→ Exercise objective
Your answer should be the line containing "升旗仪式进程中,国旗护卫队成" and each line after it through the end of the data below, repeated exactly.

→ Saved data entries
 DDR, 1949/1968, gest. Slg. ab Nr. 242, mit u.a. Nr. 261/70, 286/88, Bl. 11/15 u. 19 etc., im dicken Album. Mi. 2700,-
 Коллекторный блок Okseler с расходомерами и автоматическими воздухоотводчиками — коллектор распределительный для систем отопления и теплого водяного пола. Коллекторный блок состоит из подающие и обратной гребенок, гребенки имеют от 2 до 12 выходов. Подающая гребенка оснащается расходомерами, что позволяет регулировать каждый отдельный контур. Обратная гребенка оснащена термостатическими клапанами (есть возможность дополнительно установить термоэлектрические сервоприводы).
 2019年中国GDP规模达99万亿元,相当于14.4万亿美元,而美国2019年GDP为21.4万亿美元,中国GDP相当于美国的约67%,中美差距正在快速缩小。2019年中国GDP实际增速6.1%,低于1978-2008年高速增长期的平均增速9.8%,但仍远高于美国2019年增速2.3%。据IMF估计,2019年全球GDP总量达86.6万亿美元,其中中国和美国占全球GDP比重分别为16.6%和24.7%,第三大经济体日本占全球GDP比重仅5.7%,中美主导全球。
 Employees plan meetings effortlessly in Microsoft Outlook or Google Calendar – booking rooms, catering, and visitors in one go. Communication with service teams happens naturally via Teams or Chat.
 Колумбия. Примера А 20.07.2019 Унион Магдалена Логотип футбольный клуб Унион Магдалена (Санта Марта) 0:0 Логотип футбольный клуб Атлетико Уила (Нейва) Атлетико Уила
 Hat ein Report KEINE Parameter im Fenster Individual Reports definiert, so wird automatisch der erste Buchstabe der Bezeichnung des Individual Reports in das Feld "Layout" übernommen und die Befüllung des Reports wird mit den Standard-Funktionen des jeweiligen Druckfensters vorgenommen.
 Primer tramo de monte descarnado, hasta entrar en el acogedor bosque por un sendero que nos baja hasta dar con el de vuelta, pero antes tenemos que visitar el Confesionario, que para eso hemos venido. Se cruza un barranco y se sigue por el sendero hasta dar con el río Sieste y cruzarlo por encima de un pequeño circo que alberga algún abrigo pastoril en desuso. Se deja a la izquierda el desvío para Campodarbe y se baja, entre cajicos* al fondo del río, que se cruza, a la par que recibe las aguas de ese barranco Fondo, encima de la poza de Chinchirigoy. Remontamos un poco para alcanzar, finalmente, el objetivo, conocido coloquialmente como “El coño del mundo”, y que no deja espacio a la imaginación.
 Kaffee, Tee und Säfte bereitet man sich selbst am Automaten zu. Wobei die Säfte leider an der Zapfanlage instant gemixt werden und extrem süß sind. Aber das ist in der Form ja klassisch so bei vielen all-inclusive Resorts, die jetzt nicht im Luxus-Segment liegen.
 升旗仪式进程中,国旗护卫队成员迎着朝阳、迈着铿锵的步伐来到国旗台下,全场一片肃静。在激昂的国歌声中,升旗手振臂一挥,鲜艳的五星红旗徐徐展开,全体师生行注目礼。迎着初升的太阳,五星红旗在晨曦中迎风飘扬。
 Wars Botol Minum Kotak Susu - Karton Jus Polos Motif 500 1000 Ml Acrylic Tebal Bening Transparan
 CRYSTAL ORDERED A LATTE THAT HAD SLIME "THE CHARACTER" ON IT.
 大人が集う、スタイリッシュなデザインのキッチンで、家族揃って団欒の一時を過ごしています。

→ Exercise result
 升旗仪式进程中,国旗护卫队成员迎着朝阳、迈着铿锵的步伐来到国旗台下,全场一片肃静。在激昂的国歌声中,升旗手振臂一挥,鲜艳的五星红旗徐徐展开,全体师生行注目礼。迎着初升的太阳,五星红旗在晨曦中迎风飘扬。
 Wars Botol Minum Kotak Susu - Karton Jus Polos Motif 500 1000 Ml Acrylic Tebal Bening Transparan
 CRYSTAL ORDERED A LATTE THAT HAD SLIME "THE CHARACTER" ON IT.
 大人が集う、スタイリッシュなデザインのキッチンで、家族揃って団欒の一時を過ごしています。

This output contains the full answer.